HaS Text Model: On-Device Privacy Pipeline
The HaS (Hide and Seek) Text Model by xuanwulab is a 0.6 billion parameter, full-precision (FP16) model designed for on-device data privacy. Unlike traditional anonymization methods that rely on simple pattern matching, HaS offers an "Agentic privacy pipeline" with composable atomic capabilities to address multi-turn consistency, reversible restoration, and post-anonymization data usability.
Key Capabilities
- 3-Level Semantic Tags: Anonymizes data with structured tags like
<Amount[1].ContractAmount.NumberSymbol> instead of generic [REDACTED], preserving data usability for downstream LLMs. - Coreference Resolution: Unifies different forms of the same entity (e.g., "CloudGenius Inc.", "CloudGenius") under a single ID, ensuring logical coherence across text.
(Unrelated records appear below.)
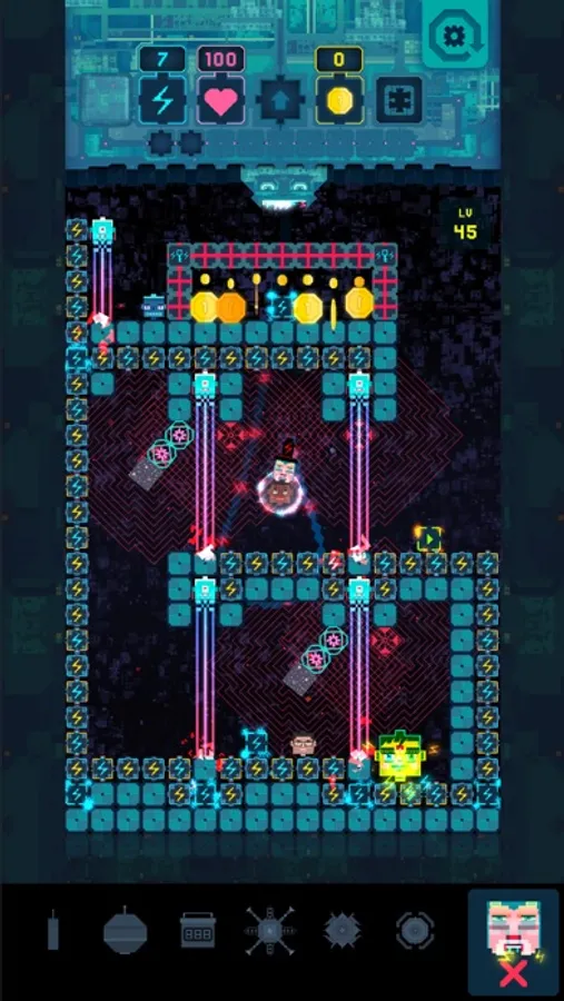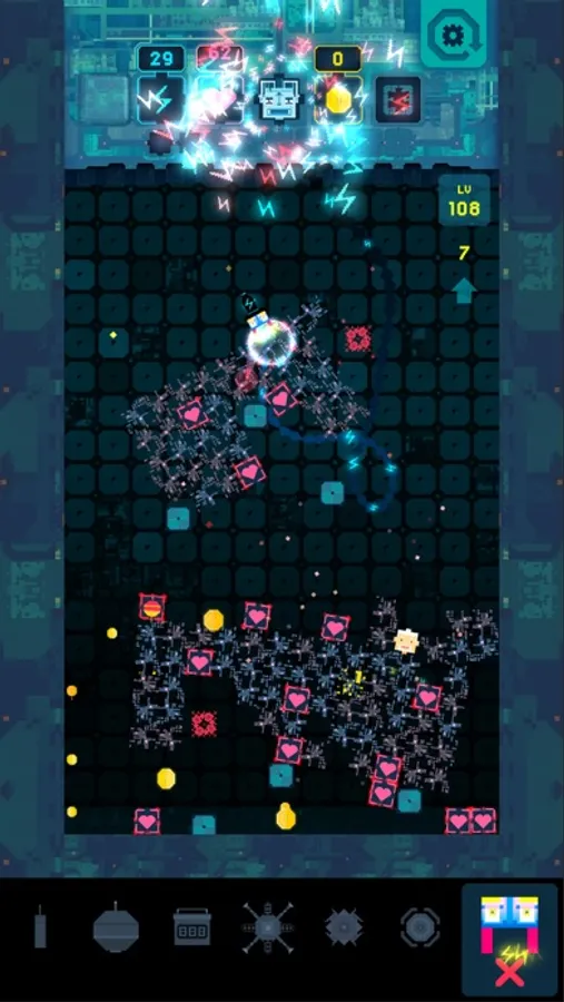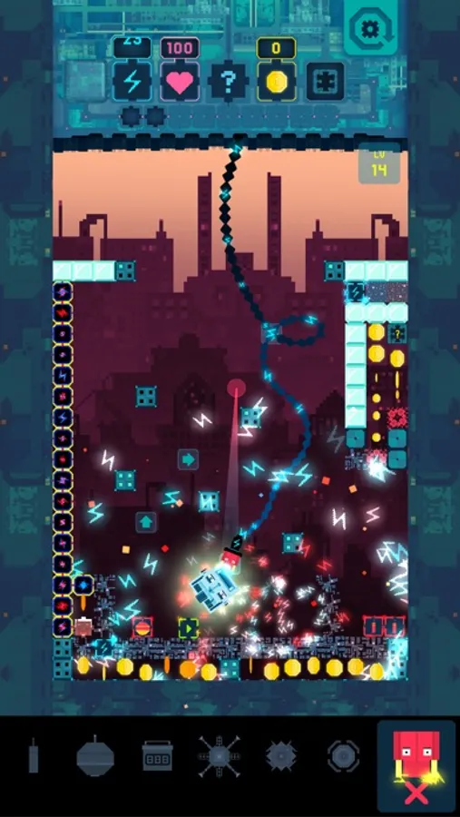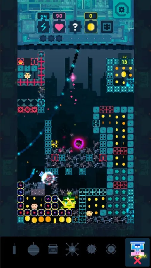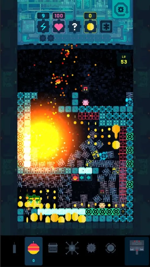 - Use the 8 different types of bombs strategically to clear your way and to avoid being overwhelmed by rising blocks.
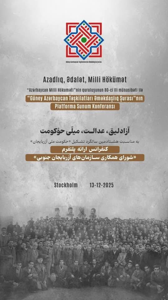 Güney Azərbaycan Milli Hökumətinin quruluşunun 80-ci ildönümü münasibətilə 2025-ci il 13 dekabr tarixində İsveçin Stokholm şəhərində keçirilən “Güney Azərbaycan Təşkilatları Əməkdaşlıq Şurası”nın platforma təqdimat konfransı çərçivəsində, Güney Azərbaycan İstiqlal Partiyasının Rəhbərlik Şurasının üzvü sayın Haray Fəthipur çıxış edərək partiyanın rəsmi bəyanatını oxumuşdur.
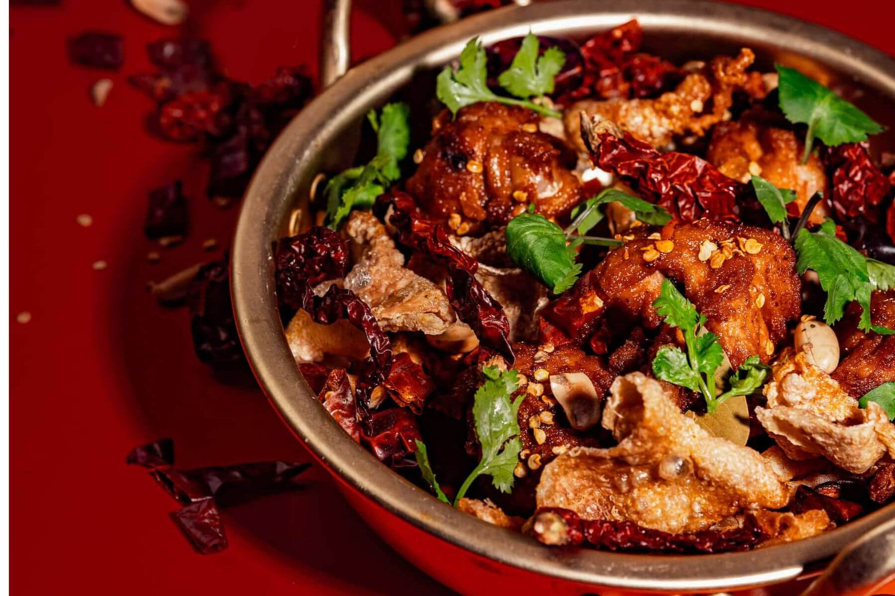 「麻辣鍋炸雞 HOT-POT CHICKEN」以台灣人最愛的麻辣火鍋為本味,將削骨棒腿以麻辣鍋底醃漬入味,酥炸雞皮、大紅袍、二荊條、宮寶椒、青花椒混合,最後淋上招牌香辣紅油,是週末炸雞俱樂部最賣座的炸雞。

- Multi-turn Consistency: Maintains consistent entity IDs across turns and document chunks using historical mapping dictionaries, crucial for long documents and conversations.
- Reversible Restoration: Allows anonymized text to be processed by cloud LLMs, with the ability to restore original values using the "Seek" capability.
- Open-set Entity Types: Trained on approximately 70,000 entity types, enabling users to specify any type name without predefined category limitations.
- On-Device & Multilingual: Operates locally, ensuring data never leaves the device, and supports 8 languages: Chinese, English, Portuguese, French, Spanish, German, Korean, Japanese.
Good For
- Secure Data Sharing: Automatically anonymize files, emails, or code before sharing, with the option to restore original content.
- Privacy Knowledge Bases: Anonymize documents before ingestion into knowledge bases and restore query results on demand.
- Secure Cloud Interactions: Anonymize text before sending to cloud-based LLMs and restore LLM responses for privacy-preserving workflows.
- AI Agent Memory Privacy: Store long-term agent memory in an anonymized format, restoring it only when needed.